Recently, two of my former students who are continuing their educations at the San Antonio Health Science Center invited me down to view cadavers. Not your usual Sunday family outing, but my wife, Julie, and I, both being therapists, are naturally fascinated with anatomy. Upon arrival, my daughter, Katja, declaring us “weird” (we didn’t deny it), marched off to the cafeteria and the video games, Walkman in hand.
Anyhow, we saw six bodies, and yes, all the muscles we know, they’re there, and the nerves, arteries, organs, etc. – it is just incredible. But what also struck us was how strongly each person’s different character was still expressed somehow in the contour of muscle and bone. The dead body really is “all she wrote.” One man thickly muscled, and large boned, felt like he had just born up under his life. Around him we simply could not concentrate. It was as if the power and confusion of his held-in feelings still ricocheted around the table.
At another table, Julie was smiling over a little old woman. We imagined the sweetness of her life yet emanated from her form. And there in the literal face of death it was clearer than ever.
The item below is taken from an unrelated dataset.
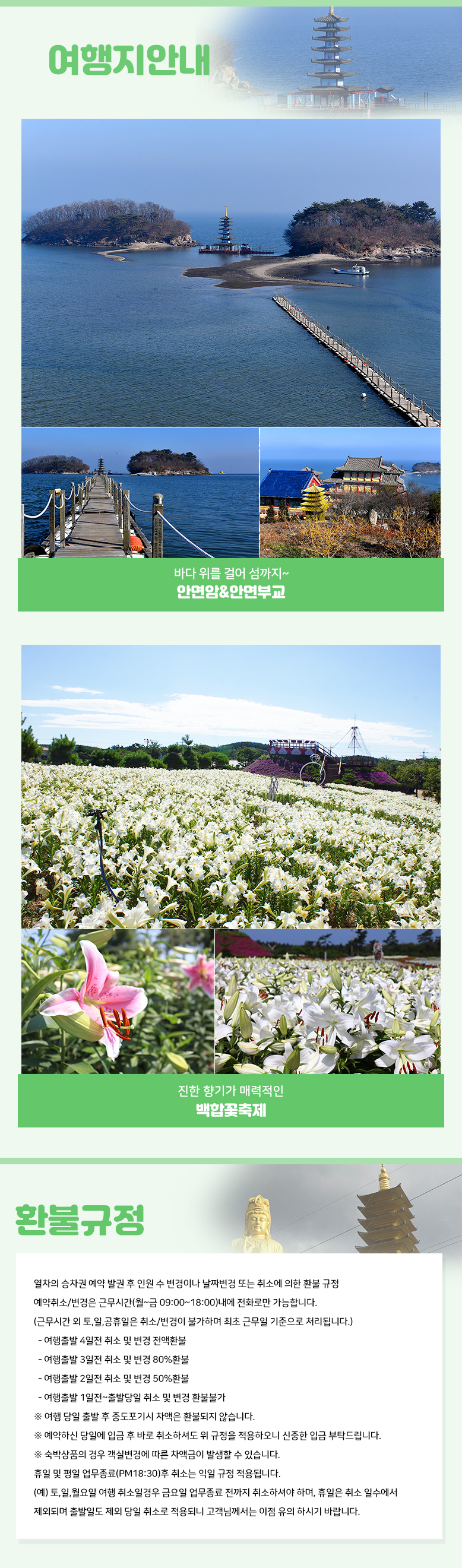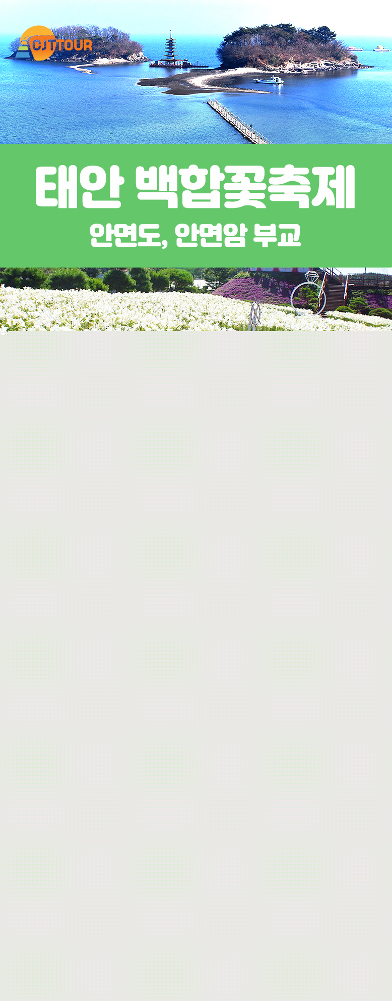 | 여행코스 | 대전역-안면암&안면부교-중식 [제공식:회정식]-백합꽃축제-대전역 |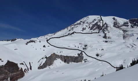 See our route for skiing the Fuhrer Finger On Mount Rainier:

True health is not just a matter of drugs or operations, nor dietary or calisthenic regimens – it is proportional to the true generosity of spirit in love and work that each of us is willing to cultivate. I hope and intend massage therapy to be tangible form of this generosity. How to connect the soul and the body? All we need is love.
David Lauterstein has been a massage therapist now for forty years. He co-directs the Lauterstein-Conway Massage School and Clinic (TLC) in Austin and is the author of two books, Putting the Soul Back into the Body and The Deep Massage Book – How to Combine Structure and Energy in Bodywork.